'Fantastic' snowstorm needed to wrap up film

Artist, photographer and now documentary-maker Grahame Sydney films on the Rock and Pillar range...
Artist, photographer and now documentary-maker Grahame Sydney films on the Rock and Pillar range for a documentary on gold miners he has been working on since 2005. Photo by Stephen Jaquiery.
The risk of contracting hypothermia during Central Otago's winter has not deterred artist-turned-film maker Grahame Sydney from his latest goal.

The Cambrian Valley resident is waiting for one last "fantastic" snowstorm to hit the Lammermoor Range, where the subject of his feature-length documentary lies.

El Dorado: The Old Dunstan Track is a story of Old Dunstan Rd and the people who first traversed its uncompromising environment more than 100 years ago.

"In the 1860s, when early gold miners walked the track, they were wet, cold, and starving to death most of the time.

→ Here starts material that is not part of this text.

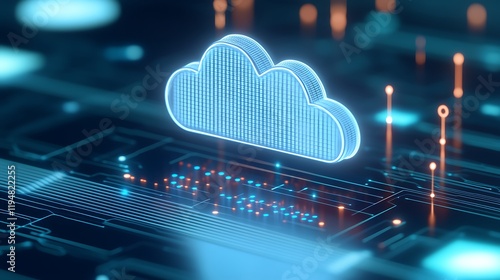 Futuristic Cloud Computing Concept with Digital Data Lines and Neon Lights in Cyber Space

"They made very little money and just wanted to get home . . . it was nothing like the romantic notion people often have," he said.

The documentary is his three-year labour of love, passion and fascination for the road's secret-laden history, the details of which will be narrated on film by eight different voices.

Sydney is using material from a diary written by an early gold miner, who updated it every Sunday, and portrays the era's hardship.

"I've always loved the gold history of Otago. It's fantastically interesting. We will be quoting personal first-hand narratives quite extensively."

Sydney started the documentary in 2005 and has spent upwards of 50 days on top of the Lammermoor Range and over the Old Dunstan Rd gathering footage from all seasons.

"The gold rush that precipitated this started in August and it was in the middle of winter when they [gold miners] had to walk into something they didn't know anything about.

"Nature provided nothing - no food, no trees to burn wood," he said.

He learnt exactly how harsh it can be when he was caught in a snowstorm while filming, and suffered mild hypothermia.

"I was quite worried for a while . . . it was a good taste of what must have happened constantly," he said.

Sydney wrote the film script and is aiming for a "typically Sydney" quality in the work.

"I want the documentary to look like what only I can do, if there's such a thing. It is a landscape too few New Zealanders know about and I want to shock them with the surreal beauty of it on screen."

After filming is finished, in the next two months, it will be edited in Melbourne, where Sydney's musician daughter will produce the film's score.

"We hope it will be complete in summer or autumn, and will probably cut it into two or three lengths so it can be used for television," he said.

To complement the documentary, Sydney is also working on a book, for which he is gathering photographs from archives throughout New Zealand.

El Dorado is the first of many films he hopes to make.